Когда Тувье зашел в комнату, Дита уже успокоилась и, сидя на углу стола, перебирала без конца невидимые складки на юбке.
— Где Шауль? — нетерпеливо спросила она.
Рахель подумала, что сейчас им нужен кто-то, кто взял бы на себя роль отца, который уладил бы все дела, хотя не было ясно, какие именно дела следует улаживать. Атмосфера всеобщего отчаяния передалась и Рахели, ослабляя ее способность разбираться в людях и явлениях, которой она так гордилась. Было страшно видеть взрослых людей такими растерянными.
Сара Амир первой в комнате вспомнила об Арье Клейне. С наивной своей откровенностью она произнесла, нарушив всеобщее молчание:
— Жаль, что Арье нет. Он бы сразу все уладил. Хорошо, что он послезавтра возвращается.
Дита вздохнула, Адина выдала свое обычное: «Какой человек!» (три раза подряд).
Рахель еще не видела профессора Арье Клейна — в последний год ее учебы он проводил свой годичный отпуск в университете Нью-Йорка, но ей очень хотелось с ним познакомиться. Все десять месяцев ее работы на факультете — с сентября по июнь — не было дня, чтобы Адина не вспоминала его. Когда от него приходило письмо, в особенности если оно имело хоть какое-то отношение к Адине, Рахель могла уходить пить кофе, не боясь выговора. Улыбка не сходила с лица Адины, пока она читала и перечитывала письмо, а порой даже зачитывала вслух отдельные фрагменты.

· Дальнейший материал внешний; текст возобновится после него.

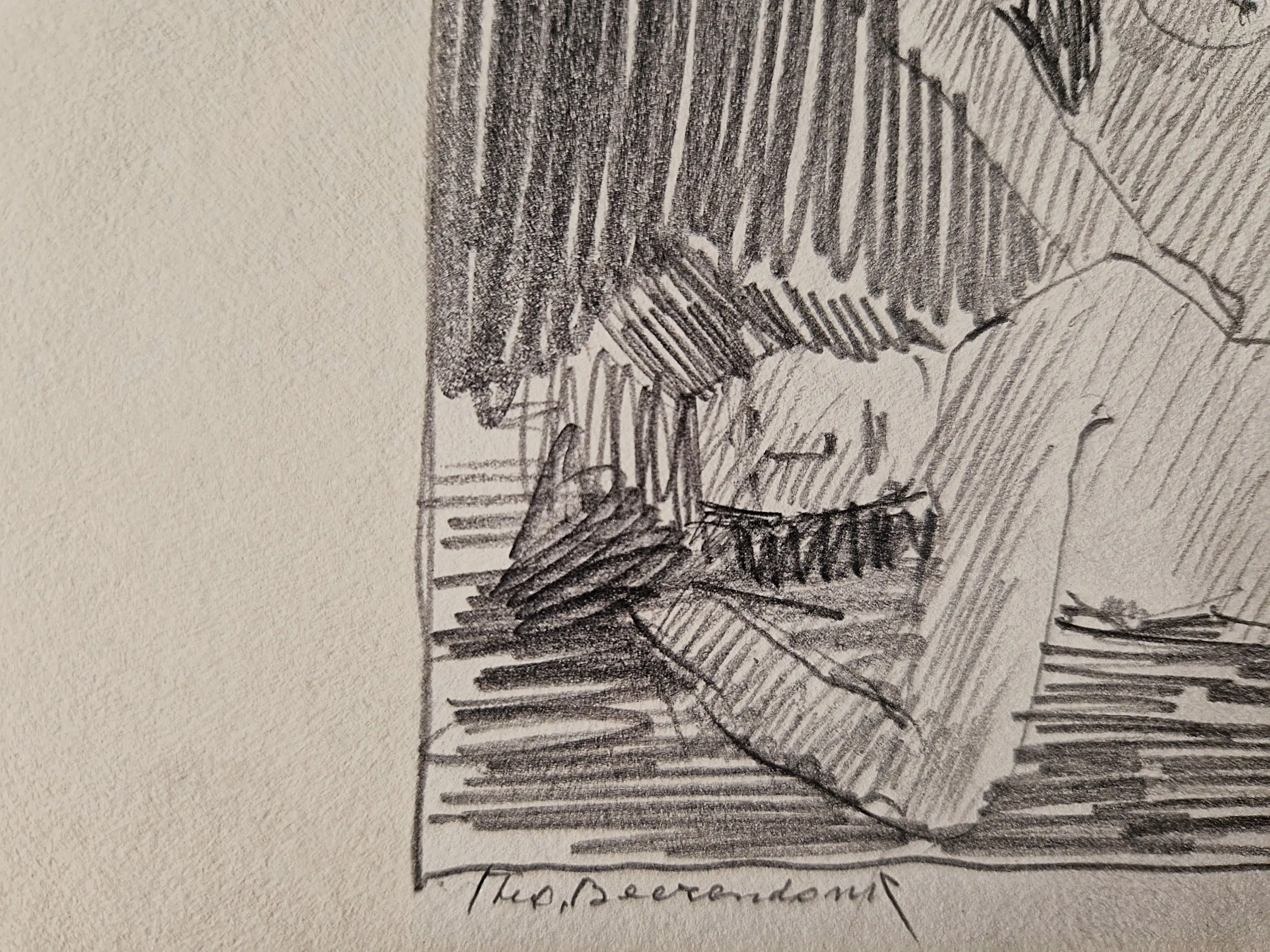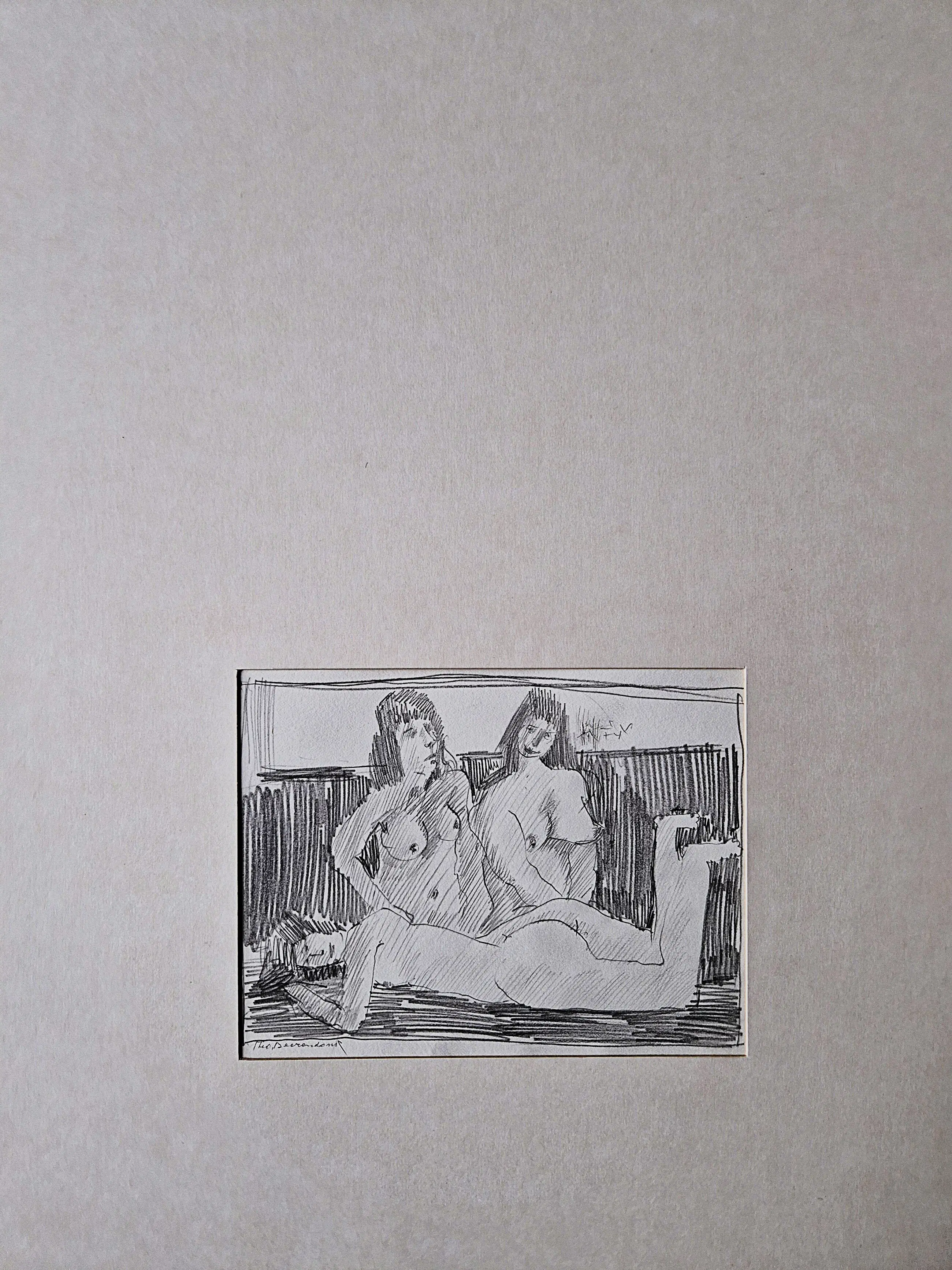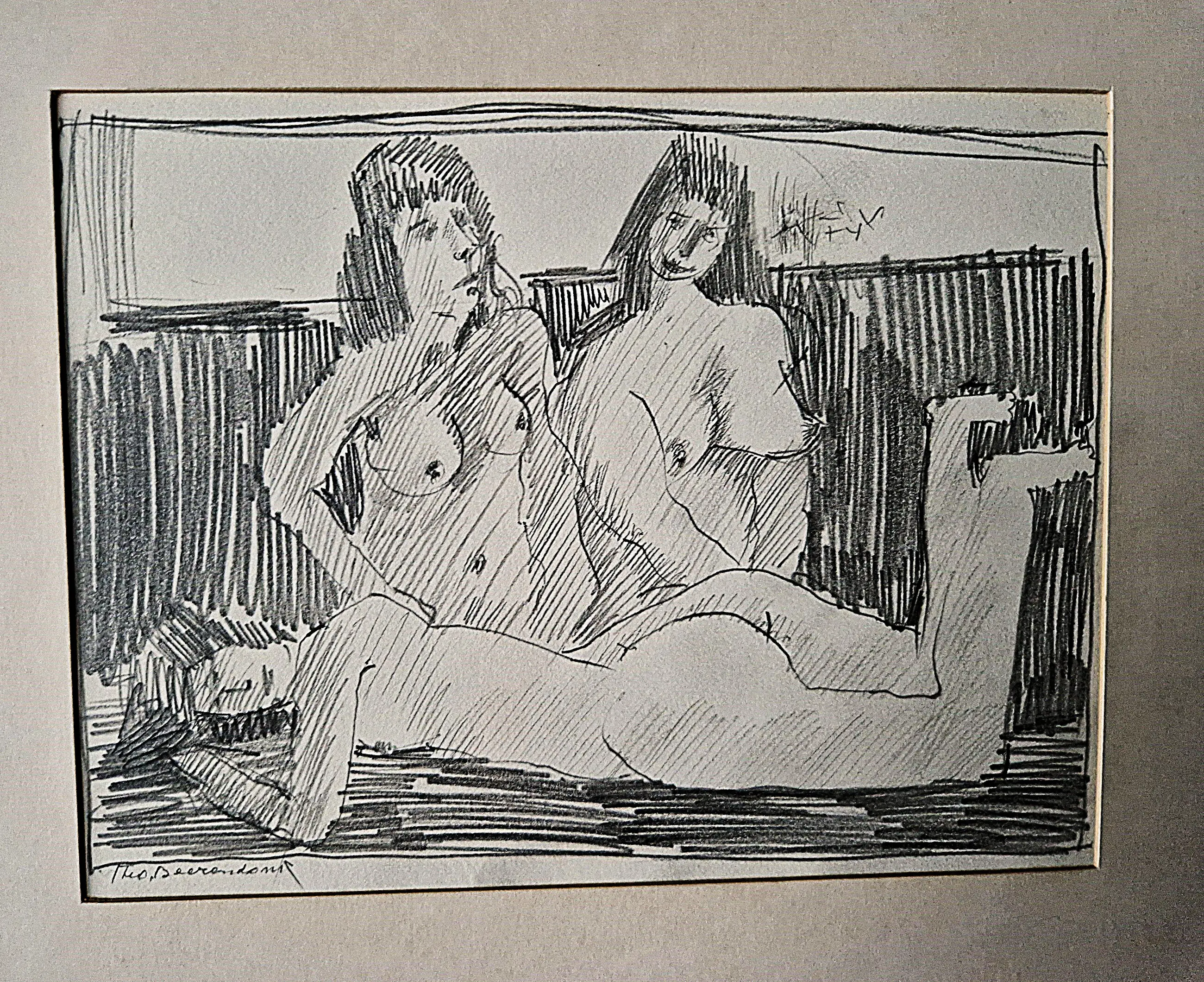 - Pikante jaren 50 potlood op papier tekening van de Amsterdamse multi-disciplinaire kunstenaar theo Beerendonk (1905-1979). De tekening verkeert in goede conditie en is linksonder gesigneerd. In (iets vergeeld) passe partout - niet ingelijst. Bladmaat 21x18cm.
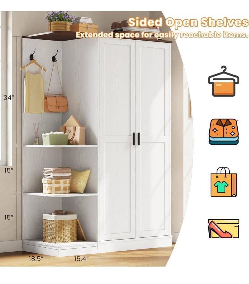 New Wardrobe Closet, Modern Bedroom Armoire with 5 Shelves, 2 Doors, Large Wooden Closet Cabinet, Freestanding Clothing Storage Cabinet, White $199 in box or $230 assembled. Multiple in stock. Pick up in Fontana, delivery available for small fee. I take zelle. Check out my other listings for more deals 🤝
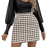Generisch Modischer High-Waist Minirock mit Hunde-Muster Plakat-Print für trendbewusste (Khaki, L)
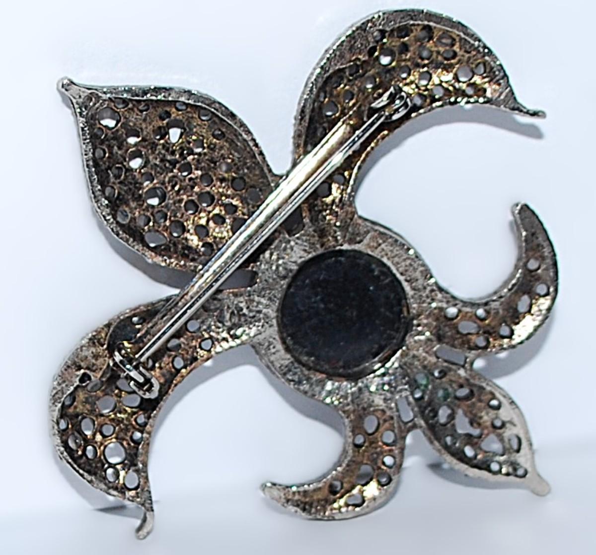 Fleur-de-Lis Style BLACK BROOCH (2½" x 2¼") with Hollowed Design on a Dark Silver Tone Setting

Рахель уже была готова заочно обожать профессора Клейна, видя, как улыбаются люди при одном упоминании о нем.
— Когда он должен приехать? Послезавтра? — промямлил Аронович. — Что ж, может, еще на похороны успеет.
В комнате снова воцарилась гнетущая тишина, Тувье запустил руки в редкую свою шевелюру. Это движение, такое естественное у Тироша, выглядело гротескно-смешным у Тувье — его красноватая рука в реденьких бесцветных волосах, торчавших во все стороны…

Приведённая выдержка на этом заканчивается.